Sorry I accidentally deleted the branch and I think doing this closed the issue. Sorry!! |
Have you tried it on a different dataset? This above is digits, right? Maybe try MNIST? Or is there some other dataset where RBF works well? |
I think this should help but I also think we should make sure that it actually does ;) |
You could also try on Olivetti faces with RandomizedPCA preprocessing: http://scikit-learn.org/stable/auto_examples/applications/face_recognition.html To try on a bigger dataset you can use LFW instead of Olivetti. |
Sounds great guys thanks for the suggestions. I'll give them a shot this week and post the results. Also I noticed my build failed but it failed because of errors in OrthogonalMatchingPursuitCV. Do you guys know if this an intermitant test or something I should look into? |
The travis failure is unrelated, you can ignore it. |
Sorry for the long layoff guys. Finally got a chance to run amueller's MINST example with k-means and random. As the graph shows k-means does show some minor improvement but nothing big. However, since it seems to almost always be a little better in the examples I tried it seems like it might still be worth adding it? I briefly tried on Olivetti but I think because of the limited amount of faces saw a lot of variance in the output and didn't really get anything useful other than k-means definitely isn't a silver bullet. I didn't have time to look into LFW. |
It seems consistent from the little I have seen thus far - I will try to run some tests as well. Looks pretty nice! |
Thanks for the bench on mnist. It would be great to run the same on lfw and |
At first these results seemed at odds to me with the MNIST line in Table 2 of Kumar, Mohri and Talwalkar, Sampling Methods for the Nyström Method, JMLR 2012. But actually, that table is showing the kernel reconstruction "accuracy" , where K_k is the optimal rank-k reconstruction (the truncated SVD), and \tilde{K}_k is the rank-k Nyström approximation. I guess the kernel isn't as well-approximated by the uniform reconstruction, but it's still good enough to do classification with. Might be good to make sure that's the case. Also, it might be better to use kmeans++ initialization rather than random; did you try that? |
Brief update. I ran MINST again to compare "better" clustering with k-means [KMeans++ initialization, max_iter=300, and n_init=10] vs k-means as suggested in the literature ['random' initialization, max_iter=5, n_init=1] vs random Nystroem. As shown below the much more time intensive clustering has almost no impact on the classification performance while significantly increasing the time needed to train the model. I also did the same on LFW and the results are below. In this case k-means appears to little to no consistent improvement over random selection. If you are interested I used the parameters found in http://nbviewer.ipython.org/github/jakevdp/sklearn_scipy2013/blob/master/rendered_notebooks/05.1_application_to_face_recognition.ipynb other than doing my own RBF grid search to find the optimal RBF parameters. I'll try to do the covertype test later this week if I get time and you guys think it is still needed. |
Can you please rebase your branch on master and try with MinibatchKMeans?
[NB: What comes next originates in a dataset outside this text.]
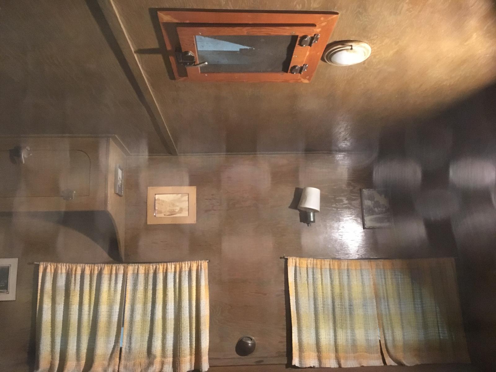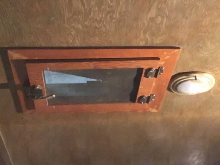 Öppningsbara fönster och väggar av masonit som målats med aluminiumfärg. Vagnen har gått över 10.000 mil och klarat ett flitigt användande från 1937 till 1970.

This might be master to converge while giving good enough centroids. |
hm... this actually looks good. @mth4saurabh any chance you are still interested in working on this? |
@amueller : sure, would love to; will start on monday. |
Because I wanted to try K-means clustering as the basis for Nystroem approximation and it appeared as though pull request #2591 might be stalled I created a slightly modified version. I also tried to address @amueller comment about the effectiveness of the method by including it in the plot_kernel_approximation example and @dougalsutherland comment concerning the possible singularity of the sub-sampled kernel matrix using the same approach as scipy does in pinv2.
Since it is my first commit to the project (hopefully the first of many) any feedback or suggestions you have would be appreciated.